(RECORDS SHOWN Opens)

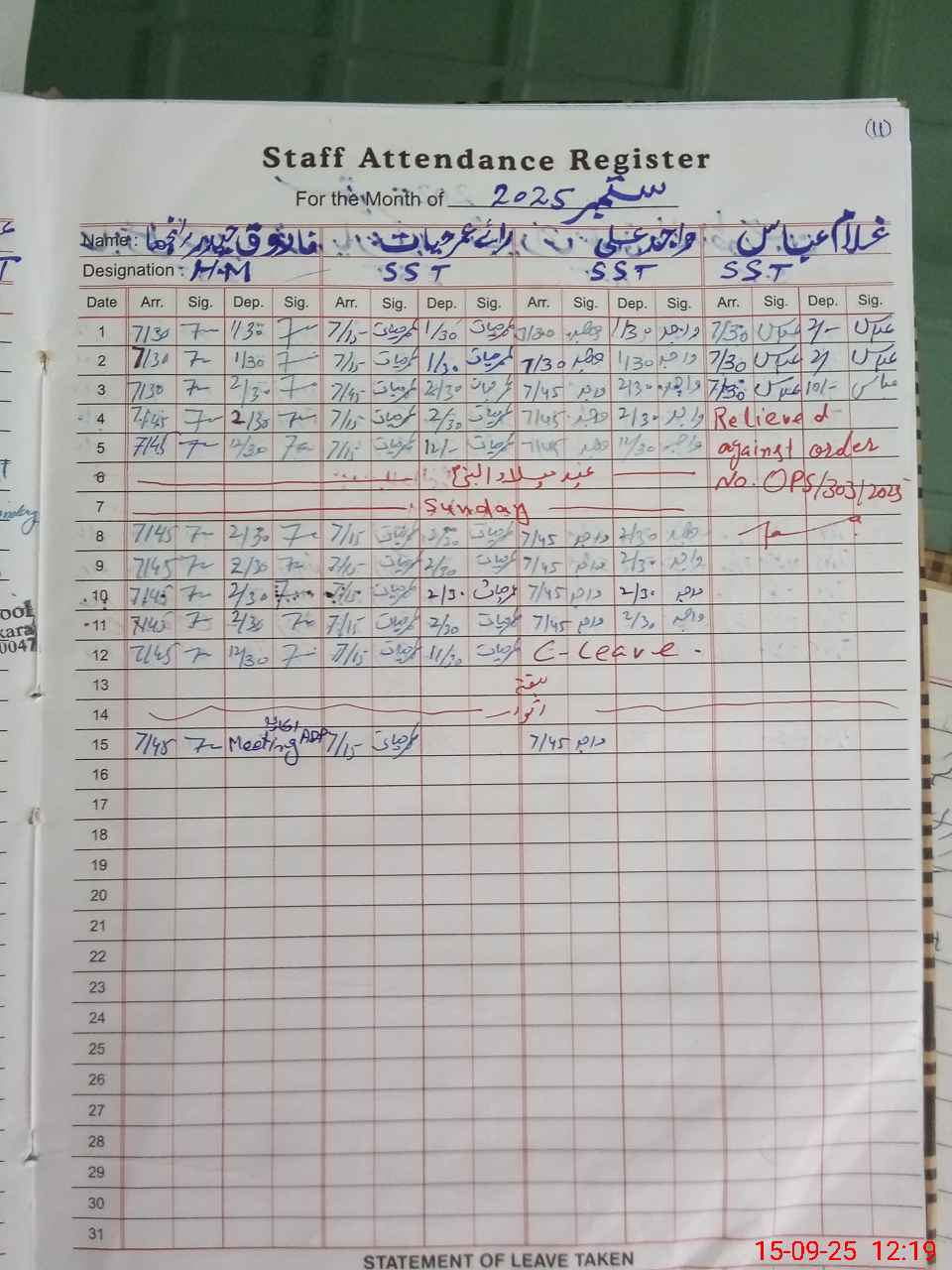 | CNIC | Full Name | Designation | R/C | Absence During Last Calender Month |
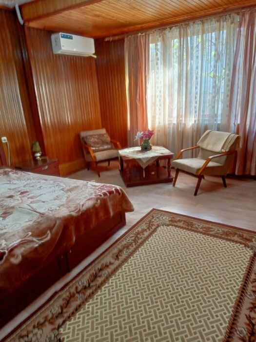 Дом можно арендовать как «под ключ», так и по номерам. На 1 этаже находится 2-местный номер со стиральной машиной. На 2 этаже - 2-местный номер (собственный санузел будет готов к осени) и 2-местный номер с возможностью размещения 3 гостя в общем холле на диване. Все номера оснащены кондиционером.
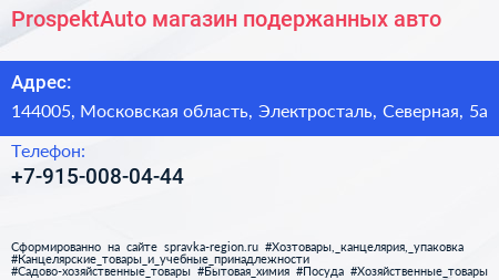ProspektAuto, магазин подержанных авто по адресу 144005, Московская область, Электросталь, Северная, 5а в дальнейшем Организация, размещена в следующих категориях:
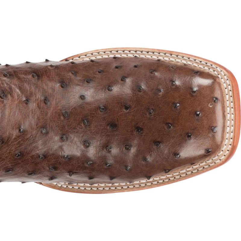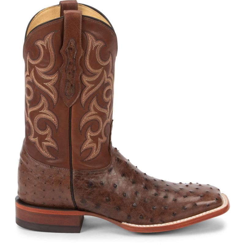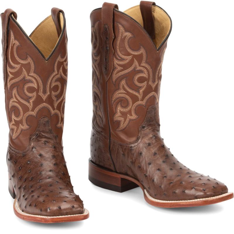 Featuring a rich mahogany leather upper with a golden tan stitch pattern and full quill ostrich foot, this boot is both lush and distinguished. Its made for comfort with a broad square toe and J-Flex Flexible Comfort System" insoles for added support.
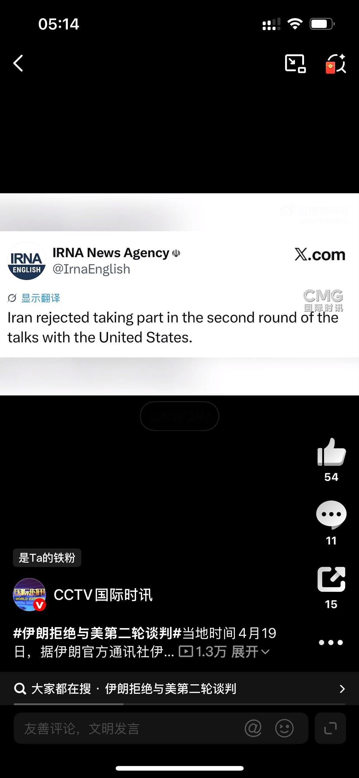 当地时间4月19日,伊朗官方通讯社伊通社报道称,伊朗已拒绝与美国举行第二轮谈判。
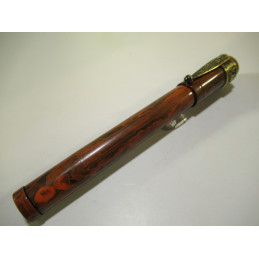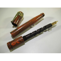 MONTE CRISTO french safety fountain pen, engraved on the barrel but almost erased “ MONTE CRISTO ”, in red and black hard rubber, functional mechanism, gold nib “ WARRANTED – 18 Cts – 1st QUALITY ”, closed length 120 mm, cap diameter 14 mm, delivered with a pretty brass clip. Very good general condition, for collection.Without guarantee to be used.
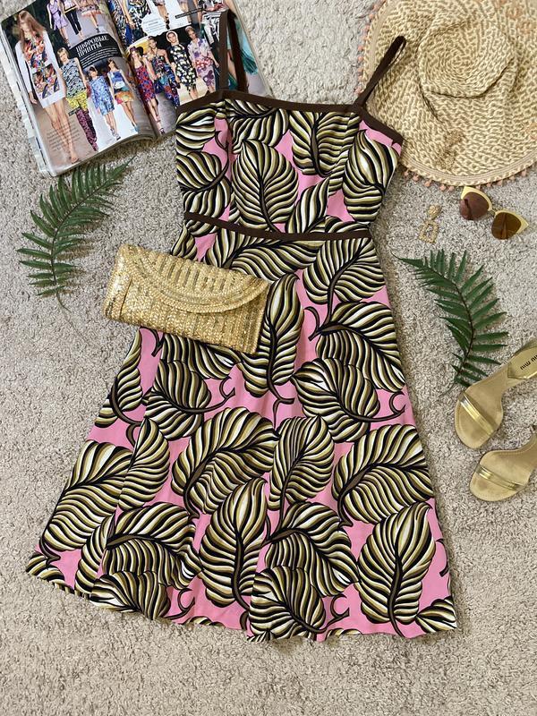 Для більш точного визначення, виміри, порівнюйте із вимірами подібної речі, а не зі своїми обсягами. Яскрава сукня міді в стилі ретро. Тканина щільна, тримає форму, тягнеться. Має підкладку. Крій ліф по фігурі. Талія відрізна. Спідниця кльош. Застібається позаду на блискавку. Юбка має розріз збоку на ґудзиках. Стан: ідеальний. Дефекти: немає. Розмір на бирці: 14 (Виміри виробу вимірюються у напівобхваті, а не від шва до шва!) Виміри виробу: Напівобхват грудей 51см., Напівобхват талія 42см., Напівобхват стегна 65см., Напівобхват низ 114см., довжина по спині 92см. довжина від плеча 113см., довжина від плеча до талії 41см. Склад тканини: 97% бавовна, 3% спандекс. Країна виробник: -. Бренд: In The wear. Оплата і доставка: Оплата на картку монобанк. Бронювання на оплату тільки 24г. При змінах наміру купувати обов'язково повідомляйте! Доставка: На час введення воєнного стану уточнюйте чи можлива доставка до Вашого пункту. Актуальні новини можна уточнити на сайті перевізника та за номером телефону контакт-центрів. Не забудьте ПІДПИСАТИСЯ щоб бути в курси всіх новинок та розпродажів!
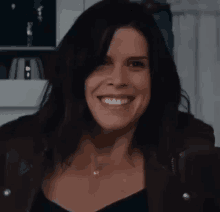 Neve Campbell as Sidney Prescott transitions from a happy smile to a serious, shocked expression.
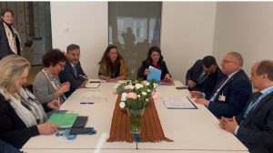 مواصلة للقاءاته الثنائية على هامش مشاركته في الشق رفيع المستوى لأشغال الدورة الثامنة والخمسين (58) لمجلس حقوق الانسان، المنعقد بجنيف، خلال الفترة الممتدة من 24 إلى 26 فيفري 2025، أجرى الأمين العام لوزارة الشؤون الخارجية، السيد لوناس مقرمان، محادثات ثنائية مع عدد من المسؤولين المشاركين في هذه الدورة.
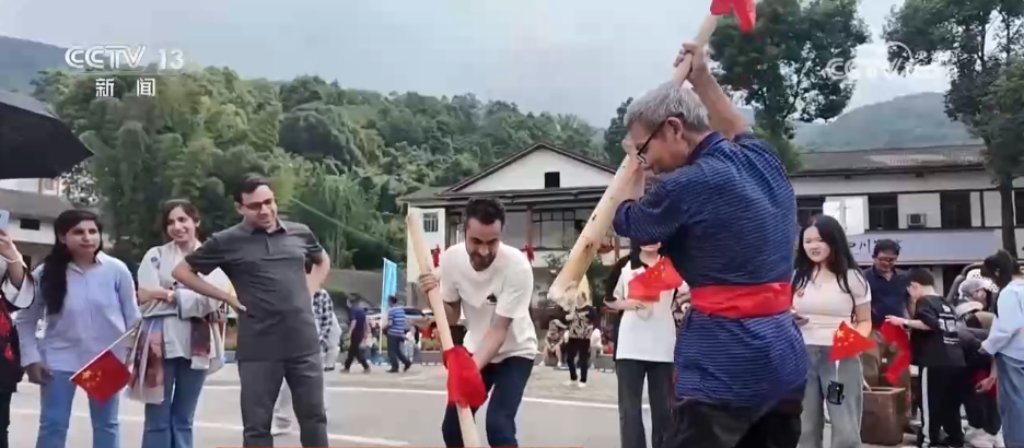 除了“看到”,外国游客更渴望“融入”。在安徽池州石台县的皖南小村落里,外国游客沉浸式体验传统村落的生活气息。
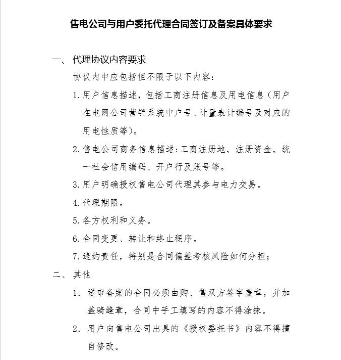 2.提交代理合同時(shí)一并提交電力用戶出具的《授權(quán)委托書》(見附件二),一式一份。
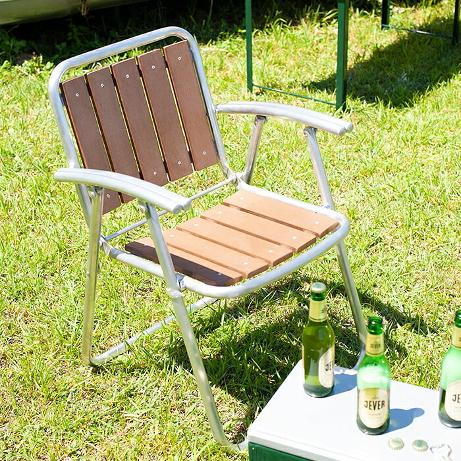 アルミの無骨さはそのままに、背もたれと座面には木材とプラスチックを複合したWPC素材を採用。耐久性や耐候性、耐水性をアップデートしました。ゆったりとした座面、当たりの良い肘掛けは、庭先やベランダでのくつろぎ時間に心地良さをプラス。
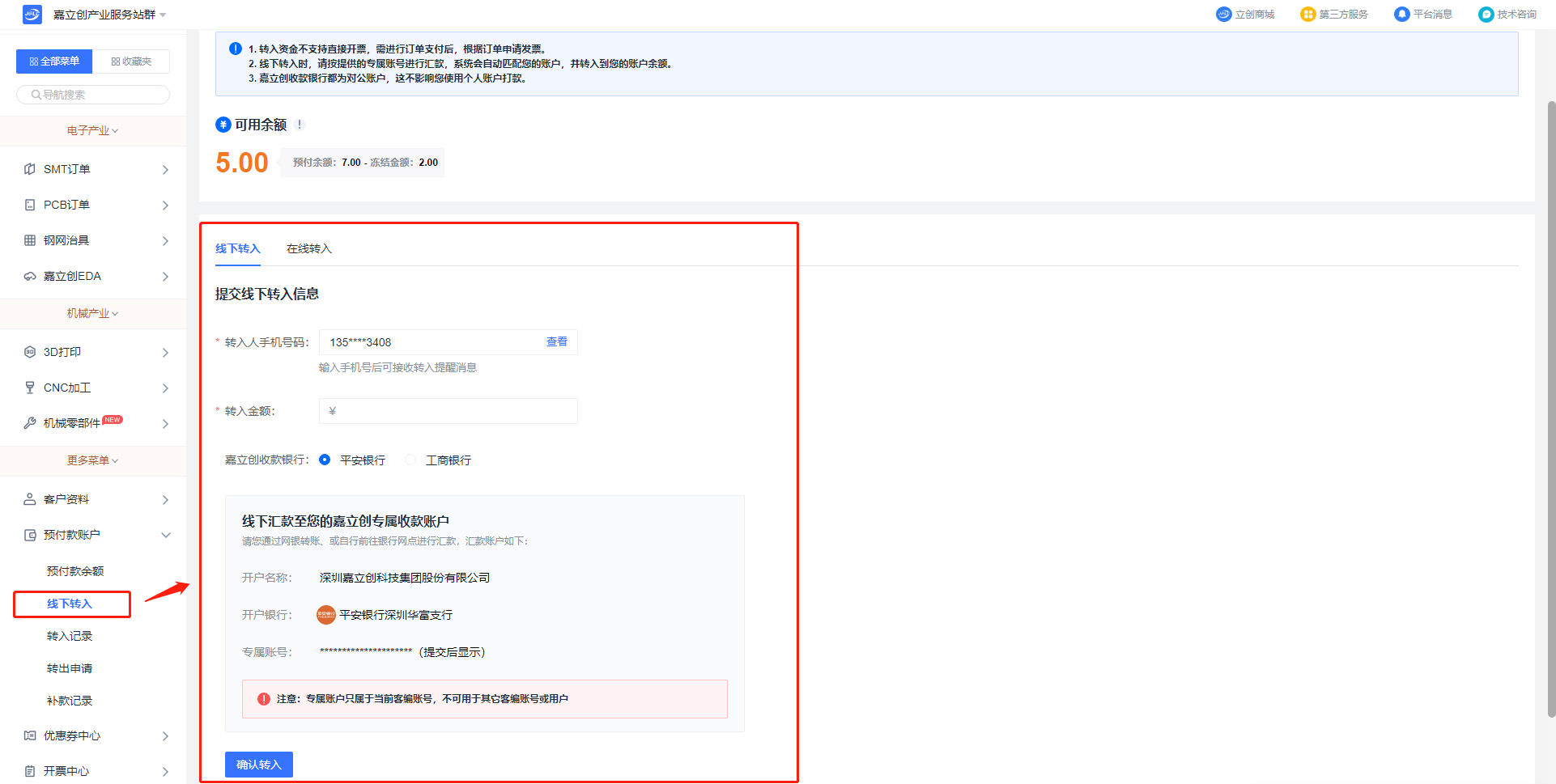 第一步:预付款账户------》线下转入------》填写对公打款金额

(RECORDS SHOWN Closes)

WORK TO COMPLETE: The response is to contain exactly the lines from the beginning of the data through the line containing "当地时间4月19日,伊朗官方", both ends included, and nothing else; omit the pictures.

WRITTEN RESPONSE:
 | CNIC | Full Name | Designation | R/C | Absence During Last Calender Month |
 Дом можно арендовать как «под ключ», так и по номерам. На 1 этаже находится 2-местный номер со стиральной машиной. На 2 этаже - 2-местный номер (собственный санузел будет готов к осени) и 2-местный номер с возможностью размещения 3 гостя в общем холле на диване. Все номера оснащены кондиционером.
ProspektAuto, магазин подержанных авто по адресу 144005, Московская область, Электросталь, Северная, 5а в дальнейшем Организация, размещена в следующих категориях:
 Featuring a rich mahogany leather upper with a golden tan stitch pattern and full quill ostrich foot, this boot is both lush and distinguished. Its made for comfort with a broad square toe and J-Flex Flexible Comfort System" insoles for added support.
 当地时间4月19日,伊朗官方通讯社伊通社报道称,伊朗已拒绝与美国举行第二轮谈判。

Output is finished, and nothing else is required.